Just for illustration, let’s say that the model fitted to the population of data is \(Y_i = 1 + 2 x_i + \varepsilon_i\) (i=1,2,…,n) with \(\varepsilon \sim N(0,2^2)\)
To make our calculations a simpler task, let’s also say that the covariate Information we need is: Sample size n = 32, \(\bar{x} = \sqrt{2}\), and sxx = 64.
Calculate
We are looking for \(P(\hat{\beta_1} > 3)\)
We know that the parameter is normally distributed so we will use the standard normal distribution to find the probability. Note that \(Z \sim N(0,1)\)
After inserting the values given above, this is equal to \(P \left ( Z > \frac{3 - \beta_1}{(\sigma/\sqrt{s_{xx}}) } \right )\)
Simplifying gives \(P \left ( Z > \frac{3 - 2}{(2/\sqrt{64}) } \right ) = P \left ( Z > \frac{1}{2/8} \right ) = P(Z > 4)\)
which is approximately zero.
Your turn!
In practice, we are almost certainly working with sample data, which means the error variance, \(\sigma^2\) is also an unknown parameter.
It can be estimated using the residual sum of squares (RSS), defined by
\[RSS = \sum_{i=1}^n (y_i - \hat{\mu_i})^2 = \sum_{i=1}^n (y_i - \hat{\beta_0} - \hat{\beta_1} x_i )^2 \; .\]
where \(\hat{\mu_i} = \hat{\beta_0} + \hat{\beta_1} x_i\) is the ith fitted value; \(e_i = y_i - \hat{\mu_i}\) is the ith residual.
Then an estimate of \(\sigma^2\) is given by
\[s^2 = \frac{1}{n-2} RSS.\]
We have seen the term \(\sigma^2\) in a number of equations. This is not known, but must be estimated from our data. When we do not know this “true” variance, we use an estimate or “sample variance” instead. This means we must alter the sampling distribution too. This happened when you used sample data to find an interval estimate of the population mean or conducted a one sample test about the population mean.
Standardizing the normal sampling distribution of \(\hat{\beta_1}\) gives
\[\frac{\hat{\beta_1} - \beta_1}{\sigma/\sqrt{s_{xx}}} \sim N(0,1)\]

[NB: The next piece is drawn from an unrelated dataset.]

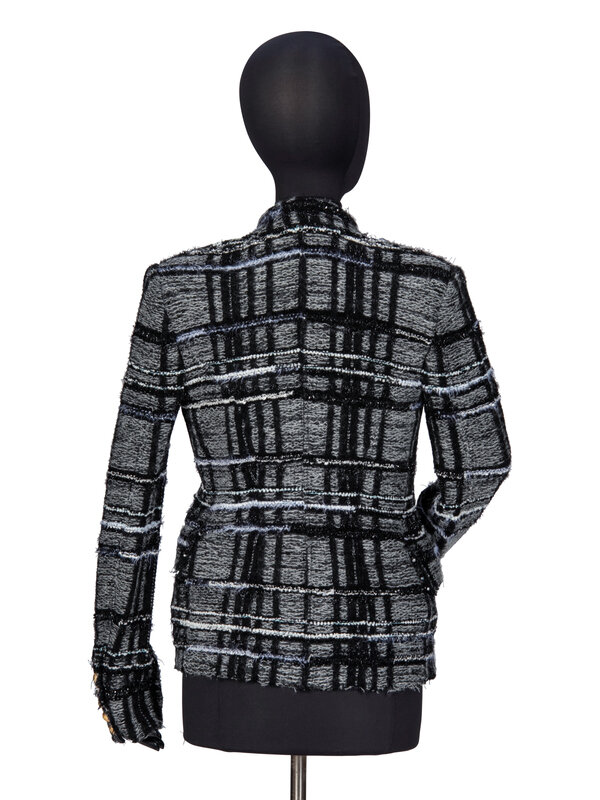 Tailored blazer in a black, white and grey knit plaid tweed. Notched & peaked lapels. Padding at shoulders. Full-length sleeves with working button closures at cuffs. Two welt pockets with flaps at front; one upper chest welt pocket. Double breasted; one exterior button closure at front with gold-tone metal buttons throughout. Unlined.

Replacing \(\sigma^2\) with the estimate s2 changes the sampling distribution of \(\hat{\beta_1}\):
\[\frac{\hat{\beta_1} - \beta_1}{SE(\hat{\beta_1})} \sim t(n-2)\]
where
The sampling distribution for \(\hat{\beta_1}\) forms the basis for testing hypotheses and constructing confidence intervals for \(\beta_1\).
For testing H0: \(\beta_1 = \beta_1^0\), against H1: \(\beta_1 \ne \beta_1^0\), use the test statistic
\[t = \frac{\hat{\beta_1} - \beta_1^0}{SE(\hat{\beta_1})}.\]
We find p-value corresponding to t. As usual, smaller P indicates more evidence against H0.
A \(100(1-\alpha)\%\) confidence interval for \(\beta_1\) is
\[\left (\hat{\beta_1} - t_{\alpha/2}(n-2) SE(\hat{\beta_1}), \, \hat{\beta_1} + t_{\alpha/2}(n-2) SE(\hat{\beta_1}) \right ) .\]
The t distribution is used for small samples when we do not know the population variance.
You’ll see that we still use the t distribution when samples are so large that it doesn’t actually matter. Why doesn’t it matter? Because the t distribution gets closer and closer to the normal distribution as the sample size increases.
The “fatter” tails of the t distribution mean that the critical values we use in confidence intervals are larger for smaller sample sizes.
For the pulse and height data, it can be shown that the fitted regression line (i.e. the regression line with least squares estimates in place of the unknown model parameters) is
\[E[\mbox{Pulse}] = 46.907 + 0.2098~\mbox{Height}\]
Also, it can be shown that \(SE(\hat{\beta_1}) = 0.1354\).
Finally, recall that n=50.
Question: Do the data provide evidence the pulse rate depends on height?
Solution: To answer this question, we will test
H0: \(\beta_1 = 0\), versus
H1: \(\beta_1 \ne 0\)
The test statistic is
\[t = \frac{\hat{\beta_1} - \beta_1^0}{SE(\hat{\beta_1})} = \frac{0.2098}{0.1354} = 1.549\]
The (2-sided) P-value is \(P=P(|T| > 1.549) = 2 \times P(T > 1.549) = 2 \times 0.06398 = 0.128\), so we conclude that the data provide no evidence of a relationship between pulse rate and height.